The lakes' inlet is through piped streams (Grøndalsåen, Lygteåen and Ladegårdsåen). These streams jointly provide water from the wet-area Utterslev Mose, the lake Emdrup Sø and to a lesser degree the lake Damhussøen. Ladegårdsåen was converted from an open stream to a piped stream in 1925 and is located below the streets Ågade and Åboulevarden. It provides water for Peblinge Sø and has its endpoint near the pavilion Søpavillonen (The Lake Pavilion). From the lakes the water is streamed further on, with an endpoint at the north end of Sortedams Sø, to the lakes in Østre Anlæg, the Fredrikshavn Entrenchment and Øresund. The water has an average time in the lakes of approximately 1 year.

The water in Utterslev Mose and Emdrup Sø is very high in nutrients. As a result of this, large quantities of algae formed in the lakes and the water became rather unclear as well as hindering animal and plant life. In 1999 the municipality of Copenhagen erected a water treatment plant by Emdrup Sø, to clean the water that was being led to the lakes. This allowed for the re-creation of the water environment.
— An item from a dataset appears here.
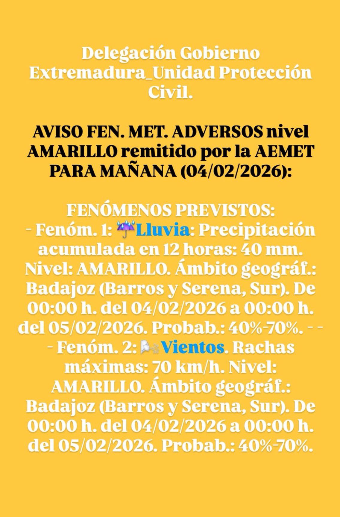 Delegación Gobierno Extremadura_Unidad Protección Civil. AVISO FEN. MET. ADVERSOS nivel NARANJA remitido por la AEMET PARA MAÑANA (05/02/2026) (RECIBIDO A LAS 11:14 HORAS DEL 4/02/2026): FENÓMENOS PREVISTOS: Fenóm. 1: Lluvia: Precipitación acumulada en 12 horas: 80 mm. Nivel: AMARILLO. Ámbito geográf.: Cáceres (Norte). De 00:00 h. a 18:00 h. del 05/02/2026. Probab.: 40 %-70%. Comentario: No se descarta que se puedan alcanzar los 100 o 120 litros en algunos puntos en 24 horas.
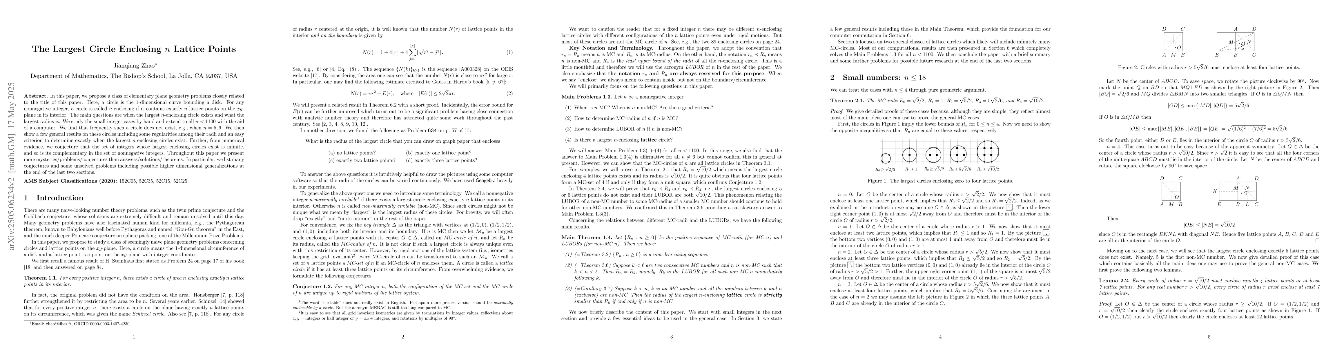The research combines elementary geometric problems with computational techniques, uncovering patterns and conjectures that extend previous work on lattice points and circle enclosures.

Currently the water is much more clear and animal and plant life are present.

==Use==
The lakes primarily serve as a recreational area and the paths surrounding them are popular for strolls and a favoured running route. The total distance around the lakes is 6.4 km.

Sankt Jørgens Sø has a depth of 4–5 metres with sloped sides. The other lakes have a depth of 2.5 metres, with hard vertical edges (made of granite). In Sortedams Sø, two artificial islands have been created. They are named Fiskeøen (The Fish Island) and Fugleøen (The Bird Island) and both serve as sanctuary for birds.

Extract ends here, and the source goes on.